I'm not sure that 5 minutes is really sufficient to convert that. Only experiments would tell. Once I start the burner I check the clock. Add the sparkolloid and stir frequently for 30 minutes.

It takes about 10 minutes to come to a simmer so it has a good 20 minutes of simmering. My wines begin to show signs of clearing in a few hours.

Try your way and let us know.


----------



## REDBOATNY (Jan 28, 2012)

I used super kleer last year when I made skeet. It did clear well but I had a very small deposit on the bottom of the bottles after about six months. I may not have waited long enough before bottling.


----------



## milbrosa (Jan 28, 2012)

djrockinsteve said:


> Try your way and let us know.



I'll do that. I have to doublecheck my gravity, but assuming it's fully dry now (it's been almost 2 weeks since first racking), I'll be racking tomorrow into a fresh carboy. This will be my second racking, and I'll be leaving behind a fair amount of sediment, maybe 1/2 inch. 

When I rack, I'll be adding the kmeta, sorbate, and sparkolloid, and I'll report back in another couple of weeks on clearing progress.


----------



## hobbyiswine (Jan 29, 2012)

The directions on my sparkolloid from my LHBS were a bit confusing so I had started this thread. My LHBS packages all their own additives and chemicals and prints the instructions on their own little labels and sticks them to the baggies. That's where my confusion started as the diections said "add one TSP per gallon of wine to 2 cups boiling water". I guess they are assuming for a 6 gallon batch you would have 6 TSP or 2 TBL added to 2 cups water. For what it is worth the info from djrockinsteve was very helpful.
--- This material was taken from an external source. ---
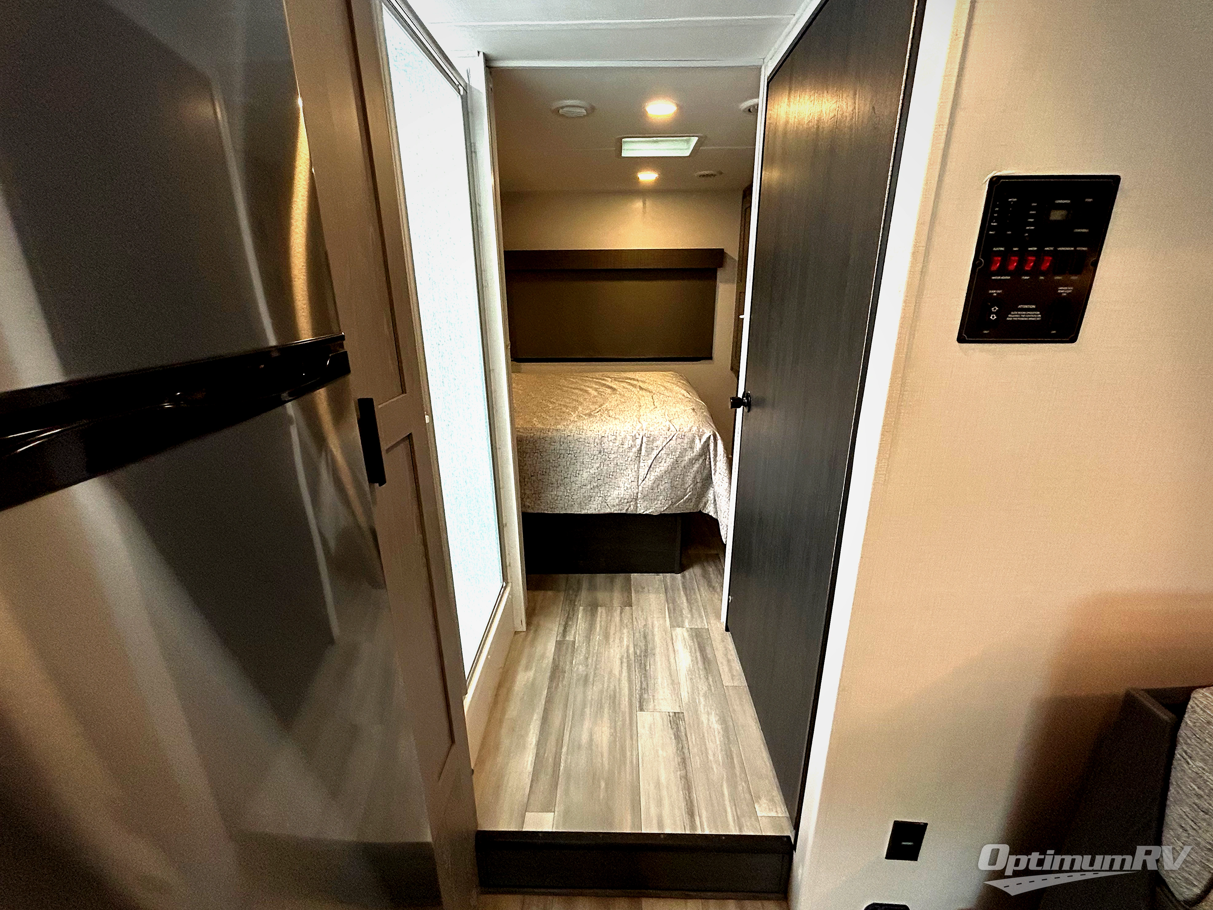 Pack your bags and pick your favorite destination then head out in this motorhome! The rear private bedroom has a 60" x 74" queen bed slide for more interior space, and a linen closet with wardrobes on either side of it. There is also a split-style bath with a private toilet and sink, and the shower is right across the hall. Prepare your best home cooked meals using the three burner cooktop, enjoy dining at the U-shaped dinette, and store any leftovers in the 10 cu. ft. 12V refrigerator. You will also appreciate a bit of flip-up countertop for more meal prepping space. Relax each evening on the 66" sofa, or you can replace it for the optional power theater seating. There is even a 60" x 80" bunk over the cab for extra sleeping or storage space!

I followed his recommendations and my pee is CRYSTAL CLEAR! Thanks!


----------



## djrockinsteve (Jan 29, 2012)

If you have a grape wine or other fruit you most likely will have lots of sediment from tiny pieces of pulp, skin, seeds etc. if you have a frozen concentrate then there will be much less sediment. 

Using less sparkolloid for the concentrate would be fine. Your wine should clear on its own but more time may be required. Adding a cup of water to 6 gallons of wine I'd love to avoid but the sparkolloid contained in it clears my wines tremendously. 

If you peer thru my wine bottles there is absolutely nothing floating. These directions came from the company that makes sparkolloid. 

1 teaspoon of sparkolloid plus 2 ounces of water per gallon. There will be some evaporation but that is okay. If you need to add extra water if too much water evaporates that's okay too. 

Add it hot to your mostly full Carboy thru a funnel and stir briskly. Top of more wine and stir top area if you can. Airlock and keep @ room temp. 

I let it clear 6 weeks. 4 is good.


----------